Russia has jumped up seven places to rank 16th in the 2010 index of 70 countries, calculated on the basis of 10 indicators such as measures of conflict, governance and economic risk.

"There is a significant danger that we will see an escalation of the conflict in the North Caucasus and, unless the Russian armed forces employ very different means and approach to those employed in the second Chechen war, we will see mass deaths of civilians.
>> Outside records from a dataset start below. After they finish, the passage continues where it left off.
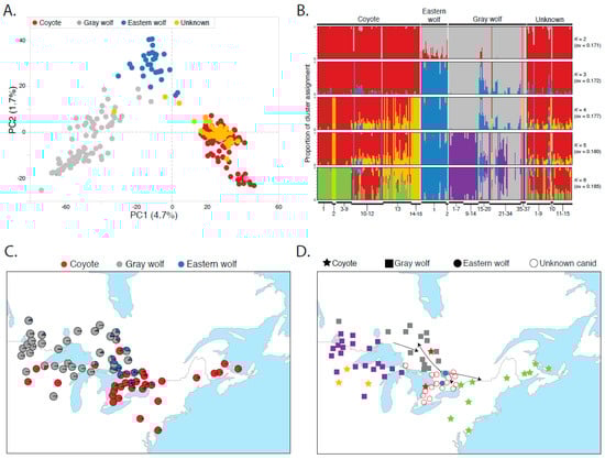 3.1. Eastern Wolves Are a Genetically Isolated Population of Wolves
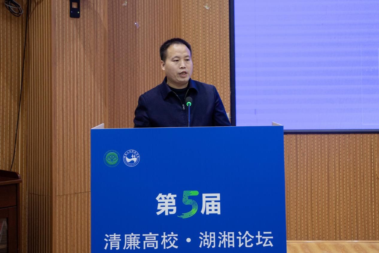 12月5日,由湖南省纪检监察协会主办、beat365承办的第五届“清廉高校·湖湘论坛”在学校匠成楼举行。省纪委监委第九监督检查室副主任李慧平、省委教育工委委员、省教育厅党组成员、省纪委监委驻省教育厅纪检监察组组长曾市南,省纪检监察协会副会长、省委党校(湖南行政学院)副校长邓联荣,娄底市纪委常委、市监委委员吴宇峰,beat365党委委员、副校长刘铁峰,校党委委员、纪委书记,湖南省纪检监察协会常务理事胡立民出席论坛。开幕式由校党委副书记朱强主持。
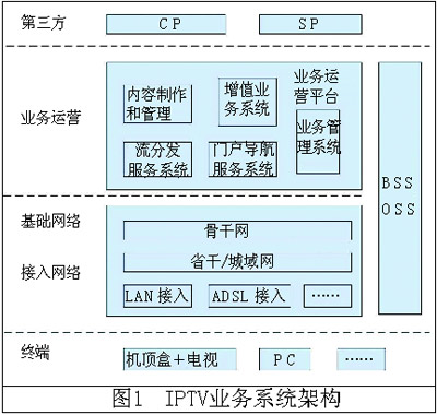 IPTV業(yè)務系統(tǒng)架構(gòu)可分為四層: 第三方業(yè)務提供者如CP和SP、業(yè)務運營層、網(wǎng)絡承載層和用戶終端層(如圖1)。
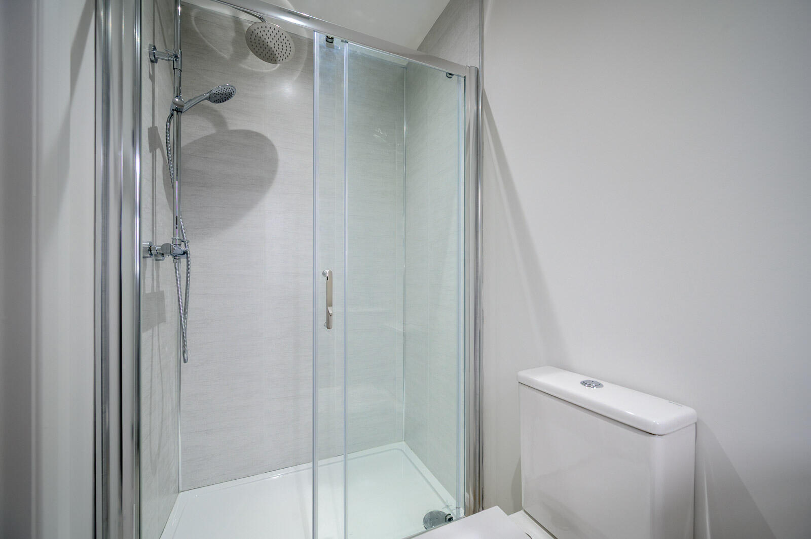 En Suite Shower Room - Three piece suite comprising shower cubicle, wash hand basin with mixer tap, storage beneath, low flush WC, chrome heated towel rail, extractor fan.

That is the fear," MRG Executive Director Mark Lattimer told Reuters.

Rights groups accused Russian troops of using indiscriminate force in Chechnya in the second campaign, launched by the Kremlin in 1999 to seize control from separatists who had forced out Russian forces in a war in the mid-1990s.

The Islamist militants say they want a sharia-based, pan-Caucasus state independent of Russia, a struggle whose foundations were laid over 250 years ago.

RISK HIGHER IN YEMEN

Danger to civilians has also increased in Yemen, which went up five places to rank 20th in the MRG index.

"The Yemeni government called on the West for more help to fight al Qaeda at the end of the year (2009), although its greater security concerns stem from the conflict with al Houthi rebels in the north, a group pushing for autonomy for the Zaydi Shia community," said the report, now in its fifth year.

It singled out the minority belonging to the Zaydi school of Shi'ite Islam as the group most at risk of violence in the impoverished Arab country.

Yemen's government agreed a truce with the rebels in February to halt the continual outbreaks of war since 2004 that have displaced 250,000 people.

The ceasefire has largely held but unrest has risen in recent weeks. Previous truces have not lasted and analysts are skeptical whether this one will either, so long as Shi'ite complaints of discrimination by the state remain unaddressed.

Somalia, Sudan and Iraq in that order topped the 2010 MRG index, unchanged from last year bar Sudan's overtaking of Iraq. They were followed by Afghanistan, Myanmar, Pakistan, Democratic Republic of Congo, Ethiopia, Nigeria and Chad in the top ten.

The index measures danger to civilians but "it is unfortunately a feature of mass killing around the world that very, very often it is targeted at minorities or specific ethnic or religious groups," Lattimer said.